|Detection of Human HSP27 by Western Blot. Western blot shows lysates of MCF‑7 human breast cancer cell line and HeLa human cervical epithelial carcinoma cell line. PVDF membrane was probed with 0.1 µg/mL of Rat Anti-Human HSP27 Monoclonal Antibody (Catalog # MAB15801) followed by HRP-conjugated Anti-Rat IgG Secondary Antibody (Catalog # HAF005). A specific band was detected for HSP27 at approximately 27 kDa (as indicated). This experiment was conducted under reducing conditions and using Immunoblot Buffer Group 1.|
|HSP27 in HeLa Human Cell Line. HSP27 was detected in immersion fixed HeLa human cervical epithelial carcinoma cell line using Rat Anti-Human HSP27 Monoclonal Antibody (Catalog # MAB15801) at 8 µg/mL for 3 hours at room temperature. Cells were stained using the NorthernLights™ 557-conjugated Anti-Rat IgG Secondary Antibody (red; Catalog # NL013) and counterstained with DAPI (blue). Specific staining was localized to cytoplasm. View our protocol for Fluorescent ICC Staining of Cells on Coverslips.|
|HSP27 in Human Ovarian Cancer Tissue. HSP27 was detected in immersion fixed paraffin-embedded sections of human ovarian cancer tissue using Rat Anti-Human HSP27 Monoclonal Antibody (Catalog # MAB15801) at 5 µg/mL overnight at 4 °C. Tissue was stained using the Anti-Rat HRP-DAB Cell & Tissue Staining Kit (brown; Catalog # CTS017) and counterstained with hematoxylin (blue). Specific staining was localized to cytoplasm and plasma membrane in epithelial cells. View our protocol for Chromogenic IHC Staining of Paraffin-embedded Tissue Sections.|
Heat shock proteins (HSPs) are a family of highly conserved stress response proteins. Heat shock proteins function primarily as molecular chaperones by facilitating the folding of other cellular proteins, preventing protein aggregation or targeting improperly folded proteins to specific degradative pathways. HSPs are typically expressed at low levels under normal physiological conditions but are dramatically up-regulated in response to cellular stress.

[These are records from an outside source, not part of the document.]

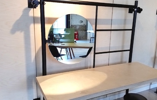 這里有個小鏡子,你可以利用它試戴不同的谷歌眼睛,就像在普通眼鏡店一樣。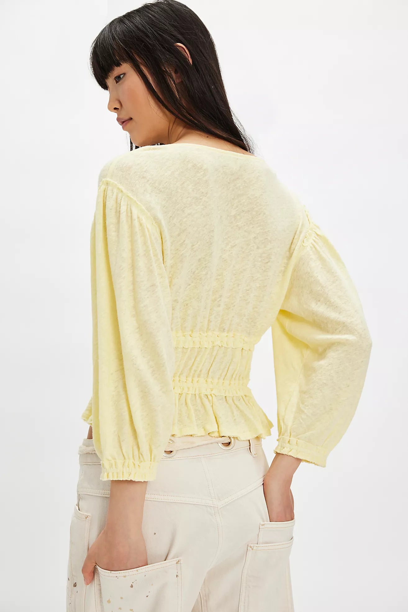 Features: Cotton-linen fabrication, V-neckline, tie-front closures, shirred bodice drop-shoulder ¾ length sleeves, cinched cuffs, subtle peplum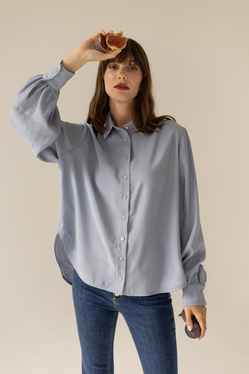 SOMEFANCYNAME.COM brings you this locally-made Noel Oversized Shirt - Blue. It features classic sewn-in shoulders and slightly gathered puffed sleeves with elegant two-button cuffs and a rounded bottom.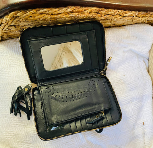 Rattan Mesh Rustic Phone Wallet Bag Leather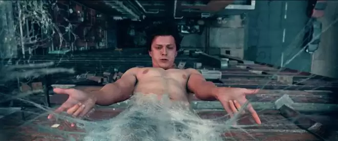 对任何从睡梦中惊醒的人来说,这大概都是最恐怖的场景之一。DNA变异后的彼得,被不知从何而来的蛛丝裹成的茧倒吊在半空。情急之下他下意识地去启动蛛丝发射器,却摸了个空。然而,就在即将坠地的瞬间,奇迹发生了。看来,荷兰弟要是再遇上托比·马奎尔版蜘蛛侠,关于“射丝”这事儿,俩人可算有共同话题了。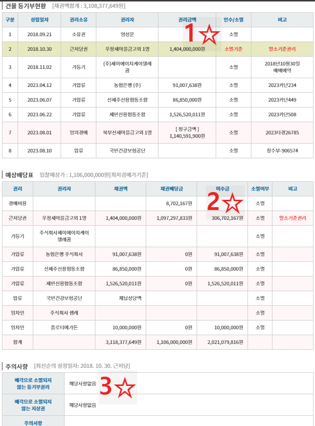 1☆ 과 2☆처럼 말소기준권리 위로 다른 권리가 없는 것과 3☆처럼 해당사항이 없는 것.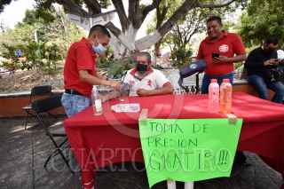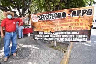 CHILPANCINGO, GUERRERO, 13ABRIL2022.- Trabajadores de la Secretaría de Protección Civil del Estado de Guerrero (SETPCEGRO) instalaron un centro de acopio de víveres para hidratación y herramientas para apoyar a sus compañeros brigadistas que se encuentran combatiendo incendios forestales en distintas partes del estado. También ofrecen de manera gratuita la toma de presión para los ciudadanos que así lo deseen y que gusten donar a esta causa. Todo lo recaudado será distribuido de acuerdo a los siniestros que se estén combatiendo en estos momentos. Dicho centro de acopio tendrá un horario de 10 de la mañana a 3 de la tarde en la alameda 'Francisco Grabados Maldonado', justo en la esquina de la avenida Vicente Guerrero y la calle Nicolás Catalán. FOTO: DASSAEV TÉLLEZ ADAME/CUARTOSCURO.COM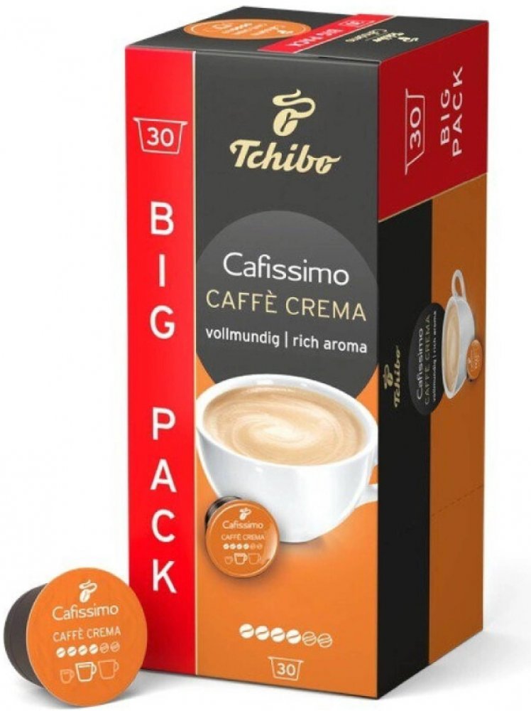 Kávové kapsle Tchibo Cafissimo CC vollmundig30 kapslí Připraví kávu s jemnou cremouKávové kapsle Tchibo Cafissimo CC vollmundig v sobě ukrývají 100% Arabicu, která zajistí rovnováhu mezi aromatem a plnou chutí. Káva z udržitelně pěstovaných kávových zrn vyniká jemnou cremou a kyselostí a plným tělem. Dosahuje intenzity 4 z 6. Kávové kapsle Tchibo Cafissimo CC vollmundig jsou kompatibilní s kávovar...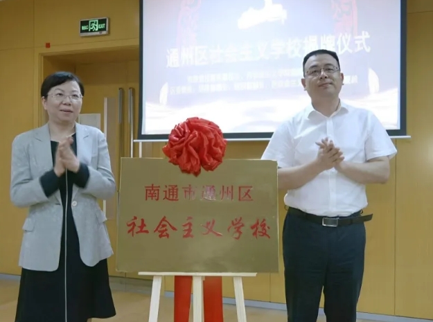 • 施骁毅为南通市通州区社会主义学校揭牌。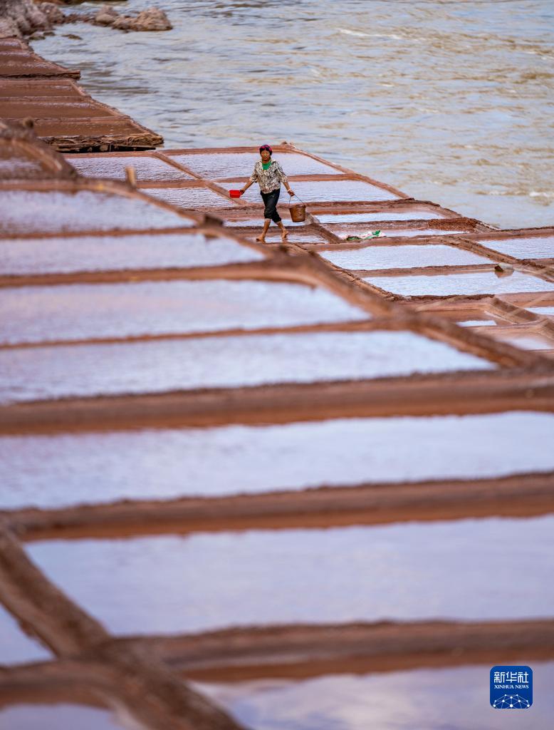 西藏昌都市芒康縣納西民族鄉位于瀾滄江畔,當地從唐代開始制鹽,距今已延續1300余年。鹽田在瀾滄江兩岸依山而建,由多根木柱搭架,架上用透水性強的泥土鋪成平面夯實。當地村民仍保持著原始的手工曬鹽方式,他們從瀾滄江畔的鹽井、鹽池中取出鹵水倒入鹽田,經陽光蒸曬、風干,結晶成鹽。遠遠望去,鹽田錯落有致,景色奇美。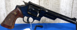 6" BBL; very nice bluing; red ramp front sight w/rear white outline; custom finger groove wooden grips; 6-shot swing out cylinder; nice condition; USA; SN#AJW1645; A-194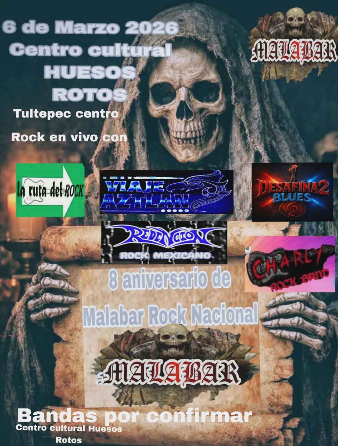 | Malabar | Concierto con Estelar | Rock de aniversario | Foro Cultural Huesos Rotos | Calle Mariano Escobedo 14, Centro | Tultepec | Edo. Mex. | México | |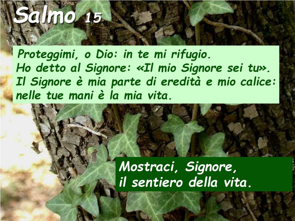 Salmo 15 Proteggimi, o Dio: in te mi rifugio.Ho detto al Signore: «Il mio Signore sei tu».Il Signore è mia parte di eredità e mio calice:nelle tue mani è la mia vita. Mostraci, Signore, il sentiero della vita.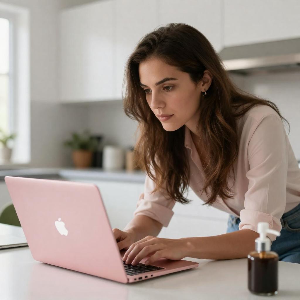 Photograph of a smiling woman with straight, shoulder-length blonde hair, wearing a light pink coat over a white top. She is in a store, sitting at a checkout counter with stacked boxes and shelves filled with products in the background.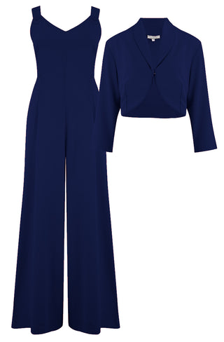 L'ensemble 2 pièces Palazzo Jump Suit et Boléro « Lana » en bleu marine, facile à porter, style vintage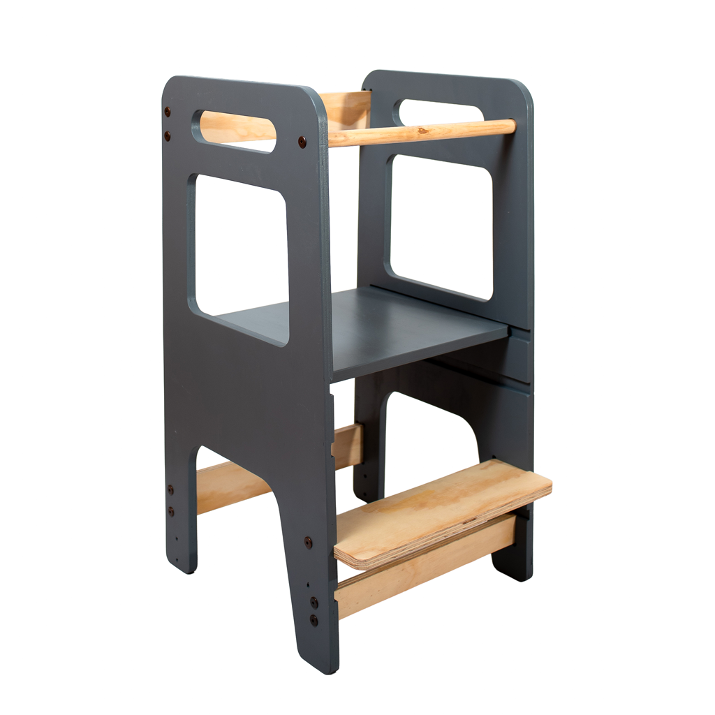Torre de aprendizaje, estructura de ayuda para niños de ensamble, fomentar actuvidades elaborado en madera natural contraenchapado pino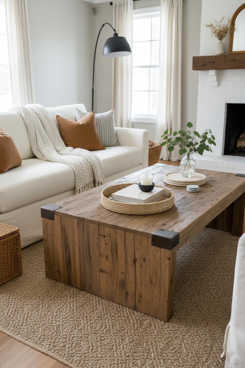When you’re thinking through cozy living room ideas, treat the surface of your reclaimed wood coffee table as the stage for all the tactile layers that make a room feel lived-in. A low, woven tray corrals everyday essentials while still showing off the wood; stack a couple of linen-bound books, tuck in a small vase of eucalyptus, and add a candle for a gentle evening glow. A chunky knit throw blanket draped across the sofa and a few nubby pillows bring in that touchable dimension that plays beautifully against the table’s sturdy lines. For contrast, a black metal floor lamp arcs overhead or stands sentry beside the seating, adding a crisp, modern note that keeps the rustic home decor from feeling too sweet. Consider scale: if your seating is generous, a rectangular or oversized square table feels luxurious; in tighter rooms, a round option keeps flow moving and softens edges. Don’t be afraid of mix-and-match—metal legs, breadboard tops, or salvaged beams all live happily with white ceramics, matte black accents, and woven baskets for hidden storage. A quick coat of clear wax or a set of stone coasters will protect the finish while preserving that beautiful, storied texture. In the end, the table becomes more than a surface—it’s the heart of conversation, cocoa mugs, puzzle nights, and everyday life, quietly stitching together old and new in the most effortless, modern farmhouse way.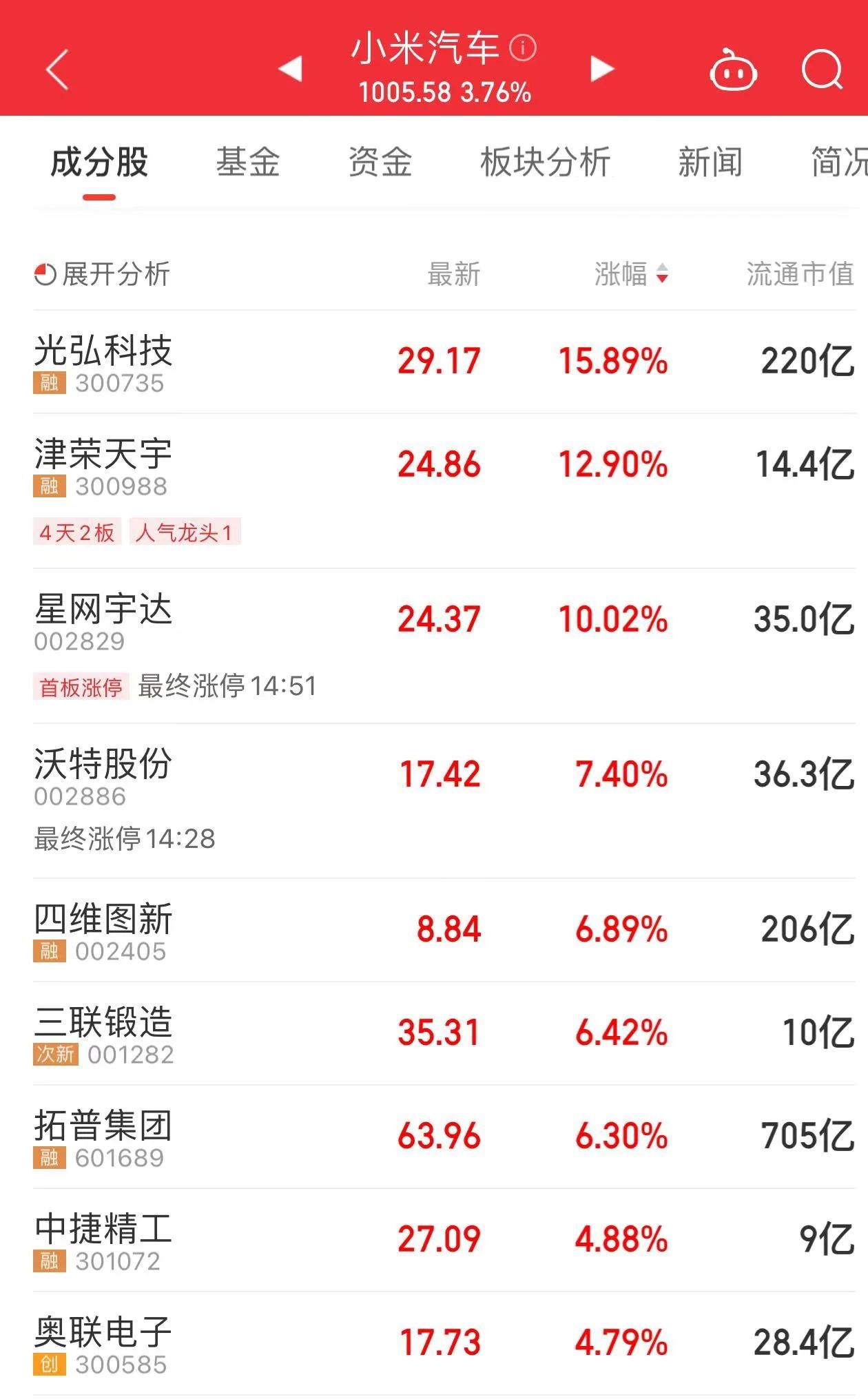 昨晚7点,小米汽车将举行SU7发布会,市场对小米相关概念也充满期待。截至收盘,光弘科技涨近16%,津荣天宇涨近13%,星网宇达涨停。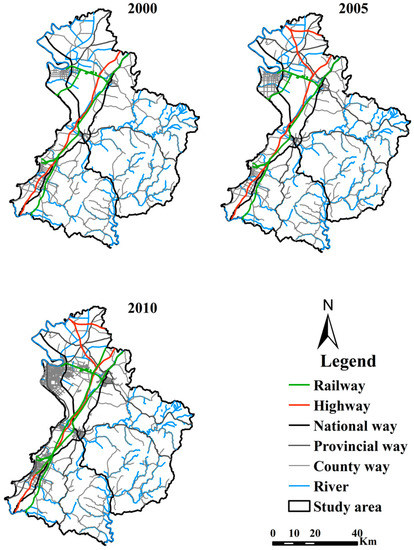 Roads (highways, national ways, province ways, and county ways) and rivers were obtained from the historical traffic maps of Liaoning. Maps of Google Earth in 2000, 2005 and 2010 were used to modify the road and river datasets via the visual interpretation method (Figure 3).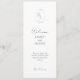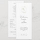 Elegante y elegante. Este encantador y único programa de bodas cuenta con dos iniciales monogramadas con una suave letra y marco verde floral, un mensaje de bienvenida al frente y un programa completo al fondo. Un conjunto contemporáneo de tipos de letra en una moda verde oscuro del bosque marca un tono moderno y elegante. La plantilla incluye un fondo blanco tanto en la parte posterior como en la parte frontal. Las variaciones de esta plantilla elegante están disponibles en la misma colección.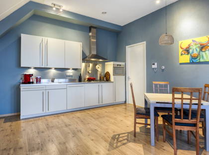 De open keuken sluit mooi aan op de woonkamer en is praktisch ingericht. Je beschikt hier over een gasfornuis, afzuigkap, combimagnetron, koelkast en vaatwasser. Of je nu uitgebreid wilt koken of snel iets op tafel zet, alles is binnen handbereik.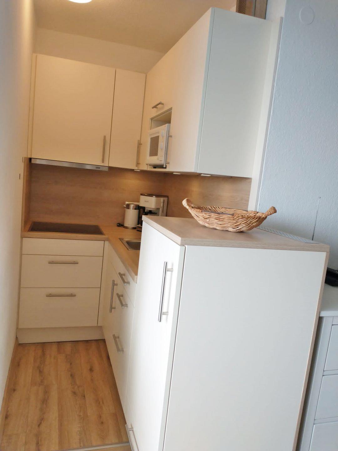 Die helle Küche ist mit einem 4 Plattenherd, Mikrowelle, Kaffeemaschine, Wasserkocher und Kindergeschirr vollständig ausgestattet.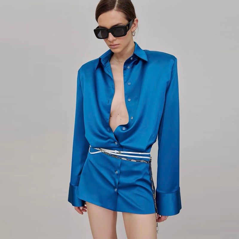 衬衫连衣裙2024春秋新款深蓝色长袖修身显瘦气质短款紧身包臀裙女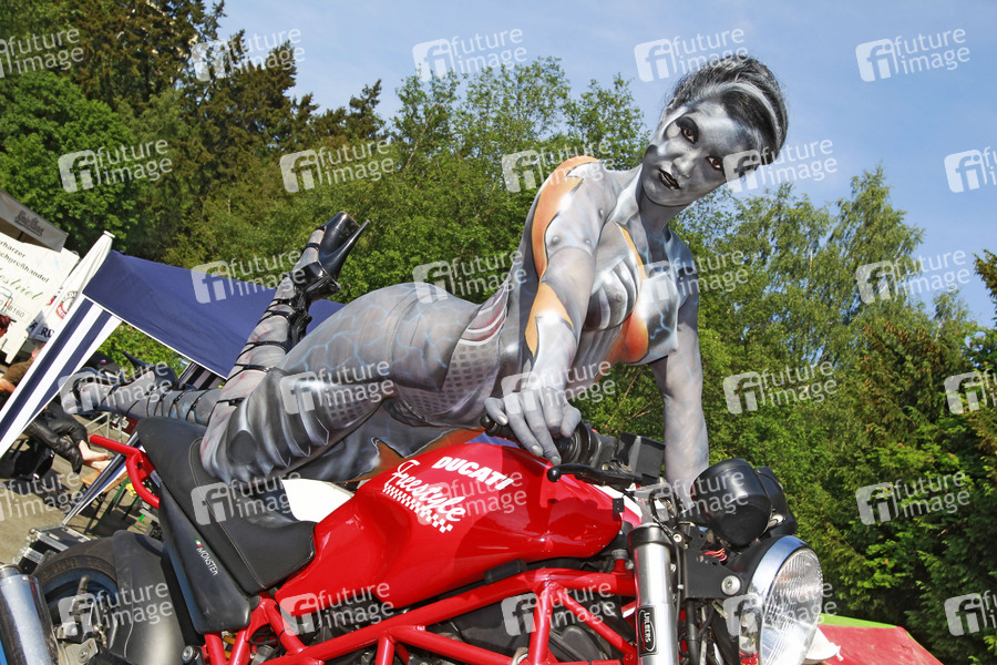 Bodypainting, Erotik, Frau, Mädchen, nackt, draußen, weiblich, Motorrag, Körperkunst, Kunst, Malerei, erotic, woman, girl, nude, outdoor, female, body art, body painting, motorbike, motorcycle

Elevated levels of HSPs have been observed in association with ischemia/reperfusion, cancer, and chronic heart failure. HSP27 is a member of the small heat shock protein family, which also includes HSP25 and the alpha -crystallins. Ser78 and Ser82 of HSP27 are phosphorylated in vivo in response to growth factors or heat shock, and the extent of phosphorylation plays a role in determining specific functions. HSP27 forms a large oligomer and functions as an anti-apoptotic molecule, regulating apoptosis through direct interaction with key components of the apoptotic pathway. HSP27 binds and sequesters cytochrome c released from the mitochondria in response to an apoptotic stimulus. This prevents the proper assembly of the apoptosome and subsequently, the activation of procaspase-9 and procaspase-3.